◆ ABOUT THIS TASK
The following entries are to be repeated exactly, and the pictures are to be left behind.

[Opening GIVEN INFORMATION section]

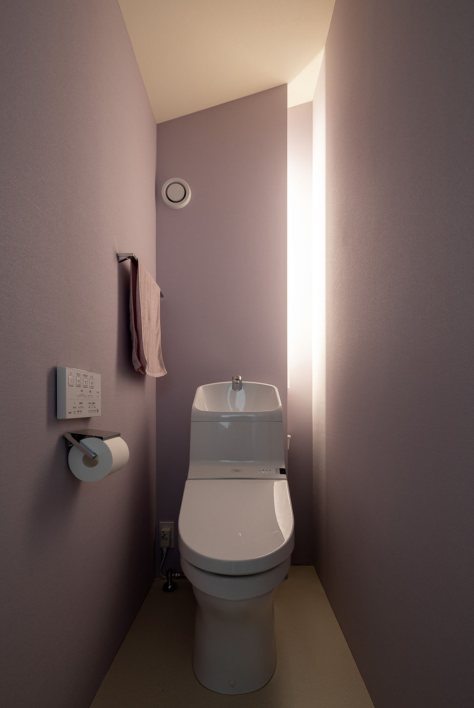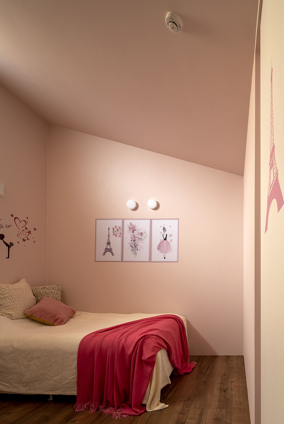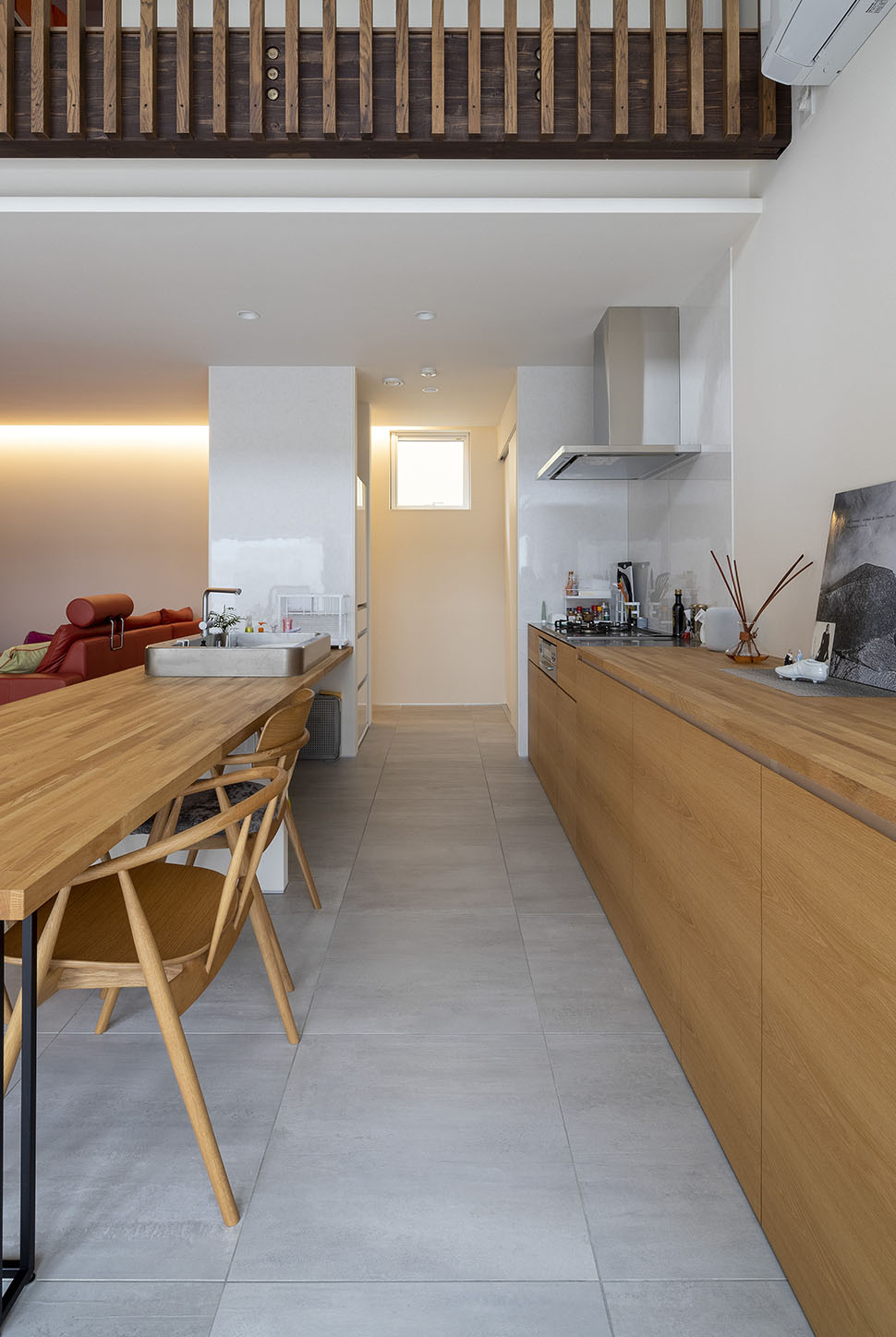1階は生活に必要な調理家電や食器などをキッチン収納に収め、シンプルで落ち着いたパブリックな空間に。2階は1階よりも色のついたカラートーンでプライベートな居住空間として、2層を空間分離させている。
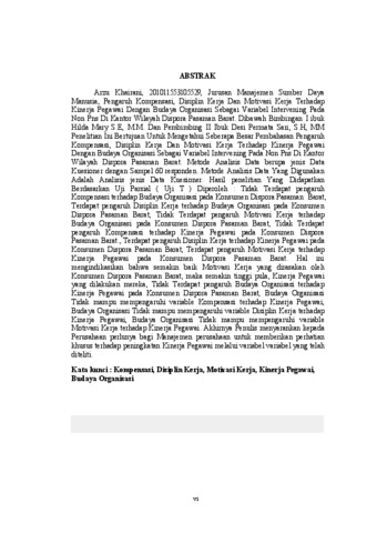 Arzu Khairani, 201011553105529, Jurusan Manajemen Sumber Daya Manusia, Pengaruh Kompensasi, Disiplin Kerja Dan Motivasi Kerja Terhadap Kinerja Pegawai Dengan Budaya Organisasi Sebagai Variabel Intervening Pada Non Pns Di Kantor Wilayah Dispora Pasaman Barat. Dibawah Bimbingan I ibuk Hilda Mary S.E, M.M. Dan Pembimbing II Ibuk Desi Permata Sari, S.H, MM Penelitian Ini Bertujuan Untuk Mengetahui Seberapa Besar Pembahasan Pengaruh Kompensasi, Disiplin Kerja Dan Motivasi Kerja Terhadap Kinerja Pegawai Dengan Budaya Organisasi Sebagai Variabel Intervening Pada Non Pns Di Kantor Wilayah Dispora Pasaman Barat. Metode Analisis Data berupa jenis Data Kuesioner dengan Sampel 60 responden. Metode Analisis Data Yang Digunakan Adalah Analisis jenis Data Kuesioner. Hasil penelitian Yang Didapatkan Berdasarkan Uji Parsial ( Uji T ) Diperoleh : Tidak Terdapat pengaruh Kompensasi terhadap Budaya Organisasi pada Konsumen Dispora Pasaman Barat, Terdapat pengaruh Disiplin Kerja terhadap Budaya Organisasi pada Konsumen Dispora Pasaman Barat, Tidak Terdapat pengaruh Motivasi Kerja terhadap Budaya Organisasi pada Konsumen Dispora Pasaman Barat, Tidak Terdapat pengaruh Kompensasi terhadap Kinerja Pegawai pada Konsumen Dispora Pasaman Barat., Terdapat pengaruh Disiplin Kerja terhadap Kinerja Pegawai pada Konsumen Dispora Pasaman Barat, Terdapat pengaruh Motivasi Kerja terhadap Kinerja Pegawai pada Konsumen Dispora Pasaman Barat. Hal ini mengindikasikan bahwa semakin baik Motivasi Kerja yang dirasakan oleh Konsumen Dispora Pasaman Barat, maka semakin tinggi pula, Kinerja Pegawai yang dilakukan mereka, Tidak Terdapat pengaruh Budaya Organisasi terhadap Kinerja Pegawai pada Konsumen Dispora Pasaman Barat, Budaya Organisasi Tidak mampu mempengaruhi variable Kompensasi terhadap Kinerja Pegawai, Budaya Organisasi Tidak mampu mempengaruhi variable Disiplin Kerja terhadap Kinerja Pegawai, Budaya Organisasi Tidak mampu mempengaruhi variable Motivasi Kerja terhadap Kinerja Pegawai. Akhirnya Penulis menyarankan kepada Perusahaan perlunya bagi Manajemen perusahaan untuk memberikan perhatian khusus terhadap peningkatan Kinerja Pegawai melalui variabel variabel yang telah diteliti. Kata kunci : Kompensasi, Disiplin Kerja, Motivasi Kerja, Kinerja Pegawai, Budaya Organisasi
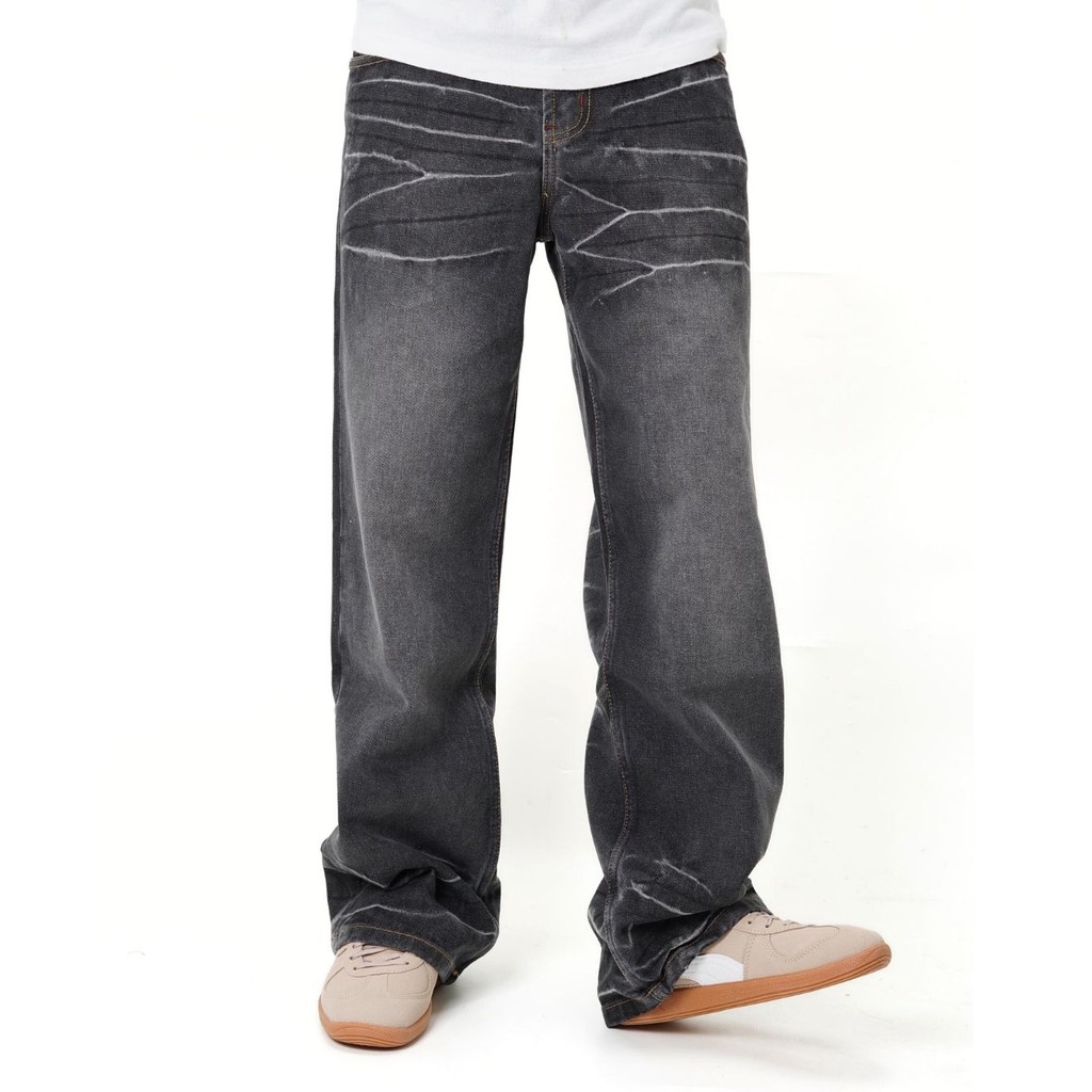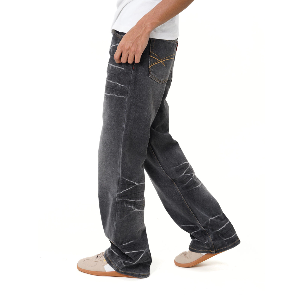 Arifan® Celana Jeans Pria Baggy Pants 550 Black Wishker
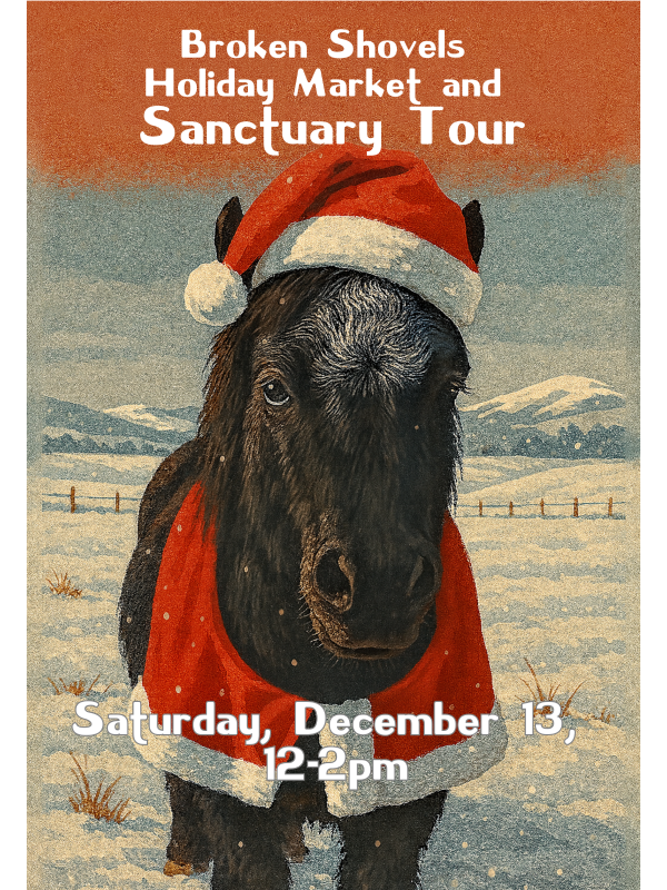 Join us for one of our favorite traditions — a cozy, festive afternoon surrounded by the animals who make Broken Shovels so special. Wander through our winter animal wonderland, meet the residents, and find unique, heartfelt gifts that give twice: once to your loved ones, and again to the rescued animals who call the sanctuary home.
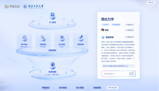 张娟老师在前期数字化教学资源建设基础上建成理论力学AI课程,深入开展数智化教学改革,知识图谱、AI学伴助力学生开展个性化学习。在课程组开展数字化教学改革,持续进行数字化教学改革探索和实践。
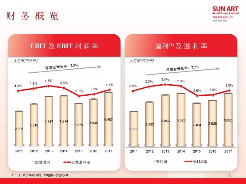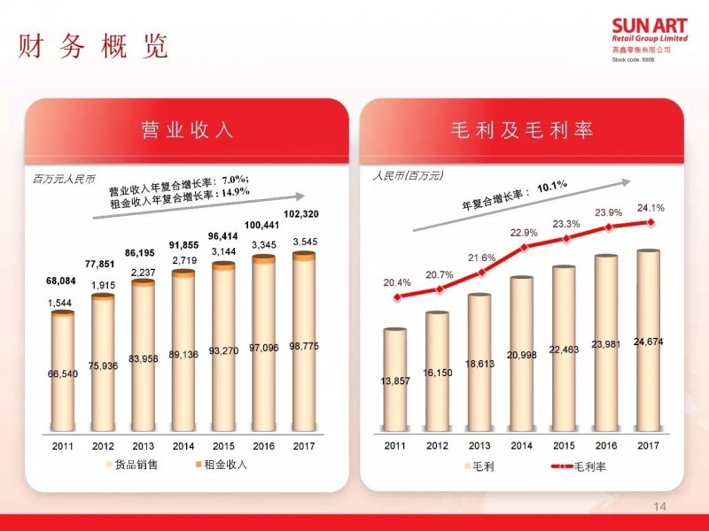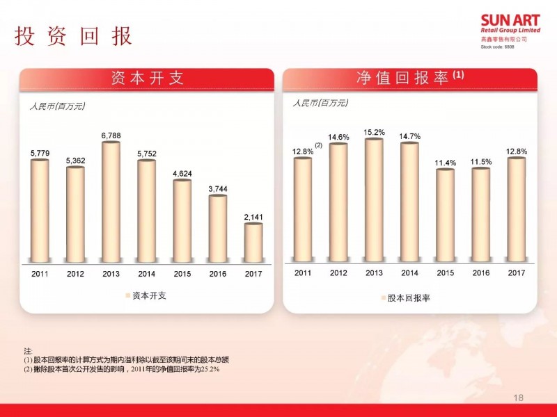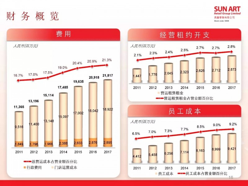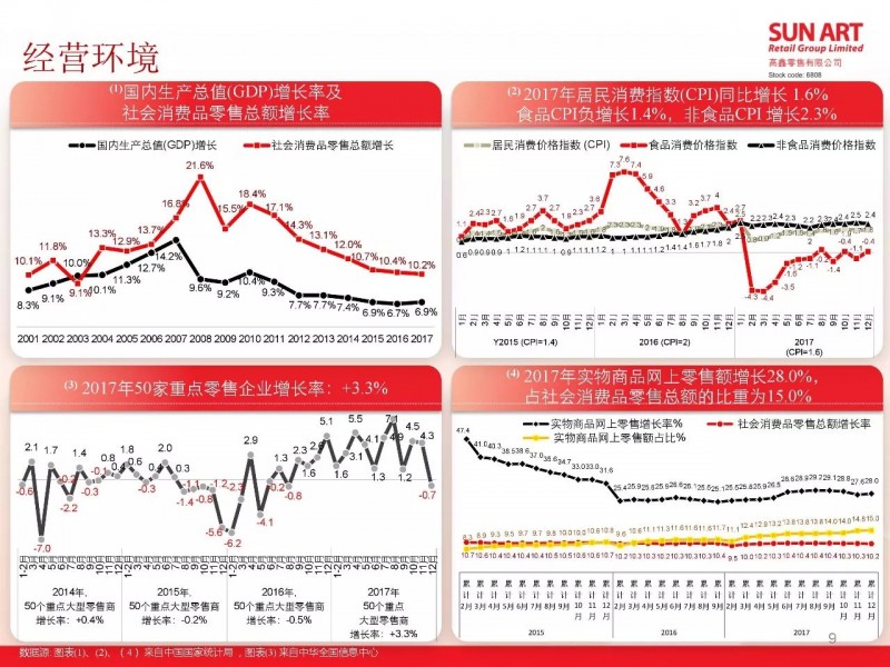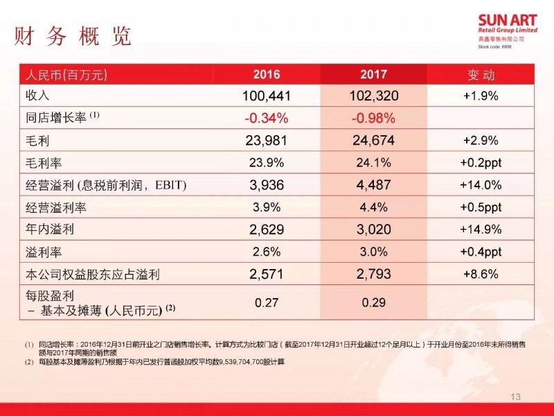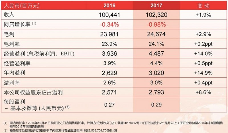 财报数据显示,高鑫零售2017年营业额为1023.2亿元,同比增长1.9%;销售货品所得营业额为987.75亿元,同比增长1.7%;毛利246.74亿元,同比增长2.9%;净利润27.93亿元,同比增长8.6%。虽然各项数据都有增长,但增幅均不明显。同时,高鑫零售2017年同店销售下跌0.98%,而去年同期为下跌0.34%。

[Closing GIVEN INFORMATION section]

◆ SOLUTION
1階は生活に必要な調理家電や食器などをキッチン収納に収め、シンプルで落ち着いたパブリックな空間に。2階は1階よりも色のついたカラートーンでプライベートな居住空間として、2層を空間分離させている。
 Arzu Khairani, 201011553105529, Jurusan Manajemen Sumber Daya Manusia, Pengaruh Kompensasi, Disiplin Kerja Dan Motivasi Kerja Terhadap Kinerja Pegawai Dengan Budaya Organisasi Sebagai Variabel Intervening Pada Non Pns Di Kantor Wilayah Dispora Pasaman Barat. Dibawah Bimbingan I ibuk Hilda Mary S.E, M.M. Dan Pembimbing II Ibuk Desi Permata Sari, S.H, MM Penelitian Ini Bertujuan Untuk Mengetahui Seberapa Besar Pembahasan Pengaruh Kompensasi, Disiplin Kerja Dan Motivasi Kerja Terhadap Kinerja Pegawai Dengan Budaya Organisasi Sebagai Variabel Intervening Pada Non Pns Di Kantor Wilayah Dispora Pasaman Barat. Metode Analisis Data berupa jenis Data Kuesioner dengan Sampel 60 responden. Metode Analisis Data Yang Digunakan Adalah Analisis jenis Data Kuesioner. Hasil penelitian Yang Didapatkan Berdasarkan Uji Parsial ( Uji T ) Diperoleh : Tidak Terdapat pengaruh Kompensasi terhadap Budaya Organisasi pada Konsumen Dispora Pasaman Barat, Terdapat pengaruh Disiplin Kerja terhadap Budaya Organisasi pada Konsumen Dispora Pasaman Barat, Tidak Terdapat pengaruh Motivasi Kerja terhadap Budaya Organisasi pada Konsumen Dispora Pasaman Barat, Tidak Terdapat pengaruh Kompensasi terhadap Kinerja Pegawai pada Konsumen Dispora Pasaman Barat., Terdapat pengaruh Disiplin Kerja terhadap Kinerja Pegawai pada Konsumen Dispora Pasaman Barat, Terdapat pengaruh Motivasi Kerja terhadap Kinerja Pegawai pada Konsumen Dispora Pasaman Barat. Hal ini mengindikasikan bahwa semakin baik Motivasi Kerja yang dirasakan oleh Konsumen Dispora Pasaman Barat, maka semakin tinggi pula, Kinerja Pegawai yang dilakukan mereka, Tidak Terdapat pengaruh Budaya Organisasi terhadap Kinerja Pegawai pada Konsumen Dispora Pasaman Barat, Budaya Organisasi Tidak mampu mempengaruhi variable Kompensasi terhadap Kinerja Pegawai, Budaya Organisasi Tidak mampu mempengaruhi variable Disiplin Kerja terhadap Kinerja Pegawai, Budaya Organisasi Tidak mampu mempengaruhi variable Motivasi Kerja terhadap Kinerja Pegawai. Akhirnya Penulis menyarankan kepada Perusahaan perlunya bagi Manajemen perusahaan untuk memberikan perhatian khusus terhadap peningkatan Kinerja Pegawai melalui variabel variabel yang telah diteliti. Kata kunci : Kompensasi, Disiplin Kerja, Motivasi Kerja, Kinerja Pegawai, Budaya Organisasi
 Arifan® Celana Jeans Pria Baggy Pants 550 Black Wishker
 Join us for one of our favorite traditions — a cozy, festive afternoon surrounded by the animals who make Broken Shovels so special. Wander through our winter animal wonderland, meet the residents, and find unique, heartfelt gifts that give twice: once to your loved ones, and again to the rescued animals who call the sanctuary home.
 张娟老师在前期数字化教学资源建设基础上建成理论力学AI课程,深入开展数智化教学改革,知识图谱、AI学伴助力学生开展个性化学习。在课程组开展数字化教学改革,持续进行数字化教学改革探索和实践。
 财报数据显示,高鑫零售2017年营业额为1023.2亿元,同比增长1.9%;销售货品所得营业额为987.75亿元,同比增长1.7%;毛利246.74亿元,同比增长2.9%;净利润27.93亿元,同比增长8.6%。虽然各项数据都有增长,但增幅均不明显。同时,高鑫零售2017年同店销售下跌0.98%,而去年同期为下跌0.34%。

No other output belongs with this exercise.